## Information

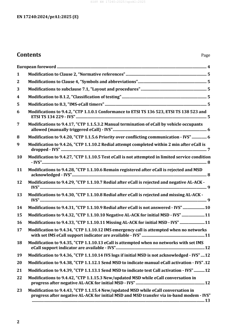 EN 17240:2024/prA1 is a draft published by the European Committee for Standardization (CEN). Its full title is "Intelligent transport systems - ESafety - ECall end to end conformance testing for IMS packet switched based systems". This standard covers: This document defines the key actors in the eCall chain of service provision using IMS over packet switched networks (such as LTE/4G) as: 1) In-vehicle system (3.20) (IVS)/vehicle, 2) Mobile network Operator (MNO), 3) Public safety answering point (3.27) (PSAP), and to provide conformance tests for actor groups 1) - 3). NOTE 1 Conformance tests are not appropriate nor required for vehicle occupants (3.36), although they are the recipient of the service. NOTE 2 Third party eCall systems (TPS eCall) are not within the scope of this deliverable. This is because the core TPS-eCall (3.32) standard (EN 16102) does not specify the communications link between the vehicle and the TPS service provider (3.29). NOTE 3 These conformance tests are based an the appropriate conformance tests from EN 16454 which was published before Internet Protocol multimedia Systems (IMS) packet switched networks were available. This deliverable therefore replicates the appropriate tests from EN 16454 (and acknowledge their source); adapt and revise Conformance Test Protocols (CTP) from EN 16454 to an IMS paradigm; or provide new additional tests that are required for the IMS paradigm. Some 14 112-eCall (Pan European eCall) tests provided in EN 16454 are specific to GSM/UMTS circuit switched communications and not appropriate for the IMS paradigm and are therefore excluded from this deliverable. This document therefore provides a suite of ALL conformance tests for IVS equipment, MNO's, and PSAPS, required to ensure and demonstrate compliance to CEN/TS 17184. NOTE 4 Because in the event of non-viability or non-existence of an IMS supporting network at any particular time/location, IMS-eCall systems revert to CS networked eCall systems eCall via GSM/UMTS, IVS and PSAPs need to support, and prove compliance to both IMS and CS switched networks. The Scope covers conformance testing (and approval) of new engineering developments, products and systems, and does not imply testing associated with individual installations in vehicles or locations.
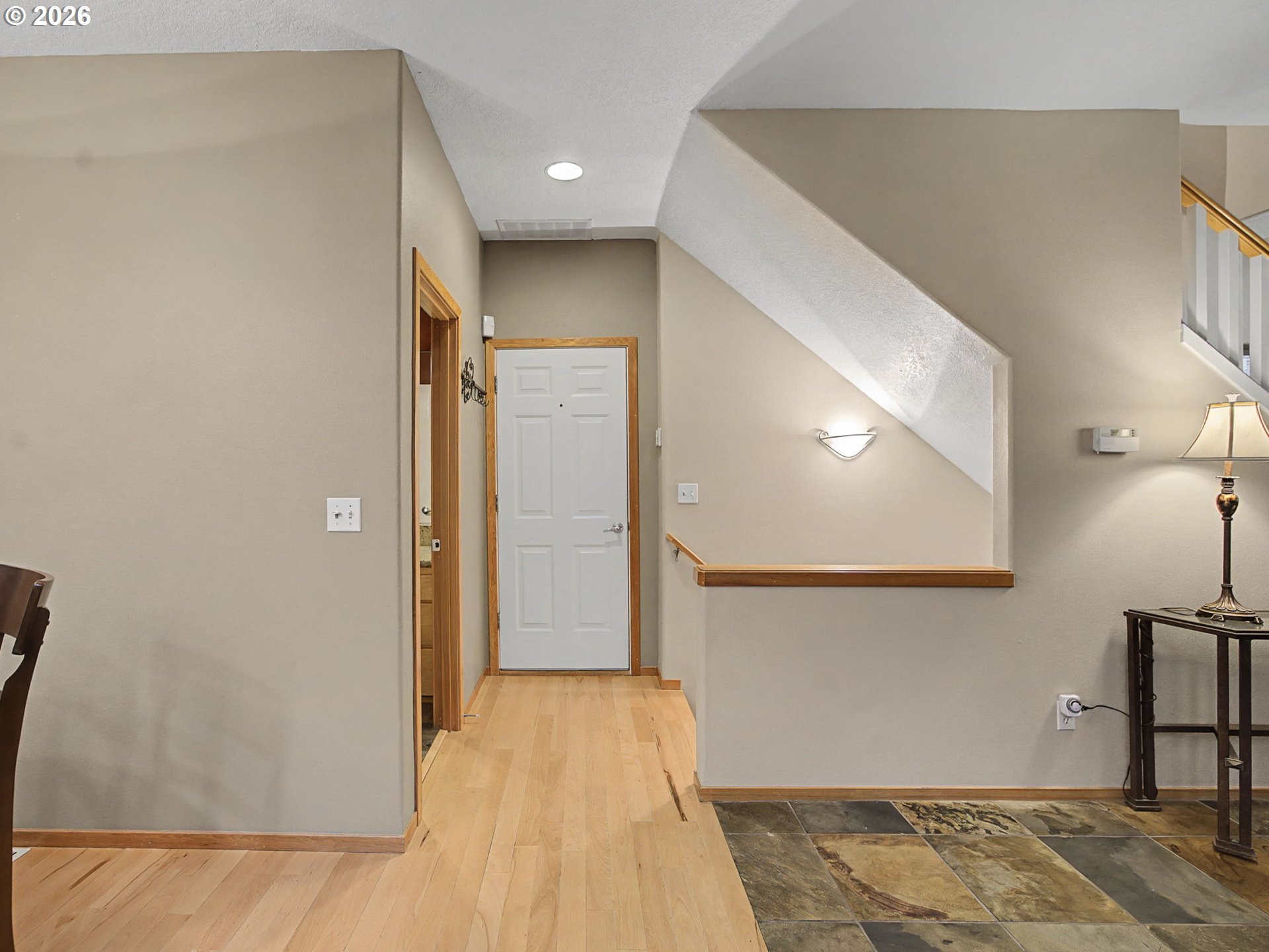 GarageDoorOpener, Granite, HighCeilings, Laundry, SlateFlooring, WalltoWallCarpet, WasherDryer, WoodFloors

---

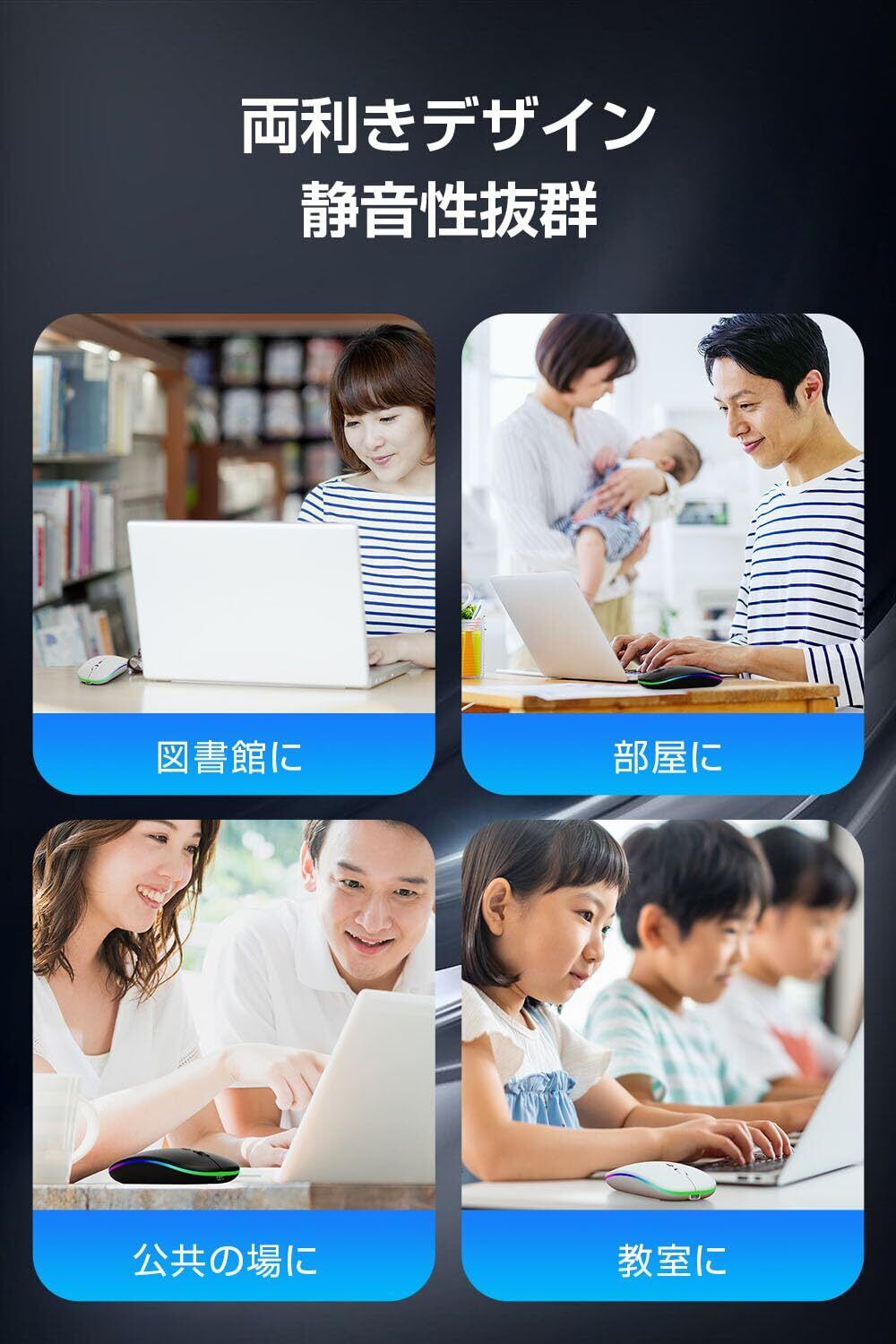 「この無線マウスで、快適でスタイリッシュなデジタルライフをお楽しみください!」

--

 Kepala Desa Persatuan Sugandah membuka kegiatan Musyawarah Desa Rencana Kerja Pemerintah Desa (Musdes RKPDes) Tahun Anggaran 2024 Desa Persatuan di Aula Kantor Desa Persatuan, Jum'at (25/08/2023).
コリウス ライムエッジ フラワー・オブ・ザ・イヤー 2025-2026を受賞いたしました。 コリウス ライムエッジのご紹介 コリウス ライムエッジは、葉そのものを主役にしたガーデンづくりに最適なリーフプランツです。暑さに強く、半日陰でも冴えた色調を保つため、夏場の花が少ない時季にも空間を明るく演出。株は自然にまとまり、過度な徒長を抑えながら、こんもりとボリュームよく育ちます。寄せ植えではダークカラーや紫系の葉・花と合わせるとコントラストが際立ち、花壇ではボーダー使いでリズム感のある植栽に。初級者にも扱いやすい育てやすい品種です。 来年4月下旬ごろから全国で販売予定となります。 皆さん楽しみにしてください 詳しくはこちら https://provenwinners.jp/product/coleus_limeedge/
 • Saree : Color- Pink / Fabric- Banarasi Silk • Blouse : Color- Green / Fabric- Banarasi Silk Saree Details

## What to do
In the records above, the line with "コリウス ライムエッジ フラワー・オブ・ザ・イヤー" marks the start and the line with "Silk Saree Details" marks the end; copy that stretch exactly, both lines included, and nothing else.

## Your response
コリウス ライムエッジ フラワー・オブ・ザ・イヤー 2025-2026を受賞いたしました。 コリウス ライムエッジのご紹介 コリウス ライムエッジは、葉そのものを主役にしたガーデンづくりに最適なリーフプランツです。暑さに強く、半日陰でも冴えた色調を保つため、夏場の花が少ない時季にも空間を明るく演出。株は自然にまとまり、過度な徒長を抑えながら、こんもりとボリュームよく育ちます。寄せ植えではダークカラーや紫系の葉・花と合わせるとコントラストが際立ち、花壇ではボーダー使いでリズム感のある植栽に。初級者にも扱いやすい育てやすい品種です。 来年4月下旬ごろから全国で販売予定となります。 皆さん楽しみにしてください 詳しくはこちら https://provenwinners.jp/product/coleus_limeedge/
 • Saree : Color- Pink / Fabric- Banarasi Silk • Blouse : Color- Green / Fabric- Banarasi Silk Saree Details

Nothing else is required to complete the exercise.